A New Marriage of Brain and Computer
Quantum consciousness has attracted a lot of total quacks, running 10 steps ahead of science and using "quantum word salad" to justify whatever beliefs they already had. For so many people, "quantum" reads as "magic", and flick the critical thinking is turned off, and off we go on an adventure of telepathy, auras, out-of-body adventures, and the whole litany of New Age-isms that might as well come from the late 19th century. Only this time with the word quantum in it, for that extra helping of plausibility. That's never a valid use of science.

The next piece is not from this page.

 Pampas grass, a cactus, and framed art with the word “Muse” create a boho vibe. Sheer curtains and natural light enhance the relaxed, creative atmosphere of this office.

But that's unfair of me to use that as justification to dismiss the entire idea. There is no idea so right that idiots can't misuse it. "Quantum" itself is the canonical case. Quantum mechanics is now over a hundred years old, but you'd never know it from the public perception. It remains counterintuitive, but it's not fair to call it a mystery any more. A mystery to you and I, perhaps, but it has long ceased to be an anything-box in physics.
If consciousness research has proved anything, it is that all our simple models are inadequate, and the final answer, whatever it may be, is going to be complicated.

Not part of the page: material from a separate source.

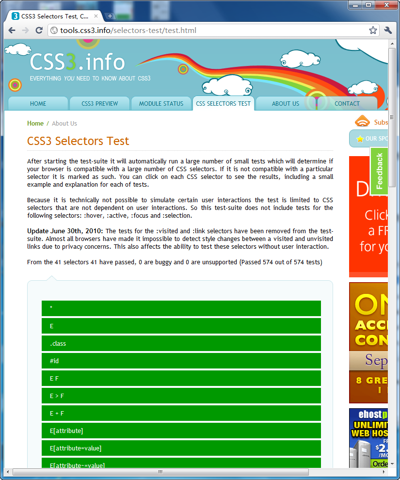 CSS3.info测试项目最近一次更新是在2010年6月30日,共包括41种选择器、574个具体测试内容。

A New Marriage of Brain and Computer recently went by on the Google TechTalk feed, and while there's still a little bit of the quantum = magic in there, there is also interesting material to chew over regarding the simple question of "How does the brain really work?" You can consider the consciousness discussion an irrelevancy and still learn some interesting things. The rest of this post assumes you've watched that video. (Google's video interface is superior to the embed version, so I give you the link.)
Emotional Value
When I was a child, I wanted to be like Spock. For those few who do not know whom I mean, Spock was the science officer on the star ship Enterprise in the famous 1960's sci-fi television show Star Trek. His claim to fame was being half-human and half-Vulcan. Vulcans were an alien race who are so naturally violent that they felt themselves forced to renounce their emotions and turn to a life of pure logic, lest they extinguish themselves in endless war. A common misconception is that Vulcans have no emotions; they do, but they rigidly suppress them.
Spock's major character arc involved a conflict between his "human side" and his "Vulcan side", between "emotions" and "logic". During the television series, he had chosen to attempt being pure Vulcan/logical, but he met with less success than he would have liked. Something never made clear was whether this was purely a personal issue or if perhaps being only half-Vulcan made it somehow biologically more difficult to live with the Vulcan philosophies and disciplines. (Most likely even the writers themselves were conflicted over their interpretation of this.)
Spock's initial choice reflects a common view of emotions, that they are intrinsically opposed to logic, unpredictable and uncontrollable, that you are forced to choose either the cold, cruel world of logic, or the squishy, utterly irrational world of emotion and feeling, but that ne'er the twain shall meet. This is view can be seen in our most ancient literature, where the fiery passions of somebody's loins are routinely contrasted with their cold, austere logical mind.
What absolute garbage!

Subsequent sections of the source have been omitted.